As trends like “quiet luxury” and “stealth wealth” dominate fashion headlines, and the clothes of the minimalist ’90s politely whisper their way back into our wardrobes, there is one woman who will never give in to such restraint: Dolly Parton.
Hailed as a national treasure, an American saint and our greatest unifying force (never mind Taylor Swift), not to mention her musical chops, Parton has, over the past 60 years, become a legend while wearing clothes as subtle as a box of glitter glue. Her dominant style theme has always been more is more, and her new book, “Behind the Seams: My Life in Rhinestones,” celebrates an enormous slice of her enormous wardrobe — from her childhood Coat of Many Colors to the disco-ball suit that she wore to the Academy of Country Music Awards in 2022. (How does she sit in it? Answer, “I don’t!”)
It takes a village to keep Parton that dolled up. In 10 photo-packed chapters, the star gives voice to her clothing designers, costumers, makeup artists, hairstylists, photographers, longtime creative director and fashion archivists (first her childhood friend, now her niece Rebecca Seaver, who is also the book’s curator), who share their stories of working with Parton.

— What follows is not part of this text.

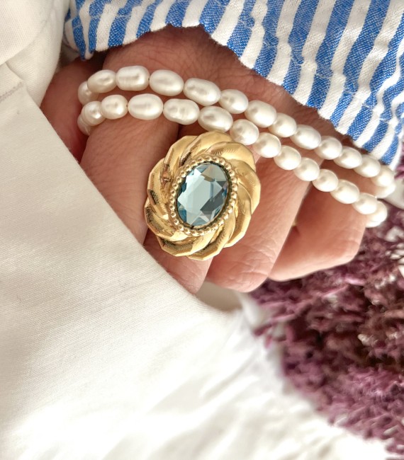 Notre bijou est également disponible orné d'une pierre facettée bleu lagon Bague originale femme au design festonnée | CAFEINE DESIGNERS BIJOUX

Yes, it’s as fun as you’d imagine, but when Parton started out, the higher-ups wanted less fun and a lot less skin. She signed her first recording and writing contract with Monument Records in 1965, only a year after she arrived in Nashville. There was no talk of plastic surgery; what they wanted was a make-under. Parton was told, “Nobody’s ever going to take you serious as a songwriter or a singer if you look like that, because you look more like a hooker than you do a singer.” She replied, “Well, tough. This is who I am. They’ll get used to it!” And America didn’t just get used to it, we love it, and we now expect Parton to be wearing something that only she, Mae West and Louis XIV could pull off. “I’ve always loved feathers,” Parton declares. “Nothing is greater than leather,” she confides. She also adores chiffon, beads, bedazzled jeans and dressing as sexy Santa Claus. The only thing in fashion the singer doesn’t love: minimalism.
But where did her unshakable confidence come from? In the first chapter, Parton makes it known that her family in Sevier County, in the Great Smoky Mountains of East Tennessee, gave her those unbreakable wings. Parton, the fourth of 12 children, started life in clothes made from flour and feed sacks, applying eyeliner with her mother’s burned matches, and coveting red high heels that came in a charity box. (“I loved high heels even before I knew I was gonna be short!” And she really does. She wears them in her house. Even her golf shoes have heels.) By the time she went to high school, Parton decided to look “cheap and gaudy,” and her mother trusted her to go for it.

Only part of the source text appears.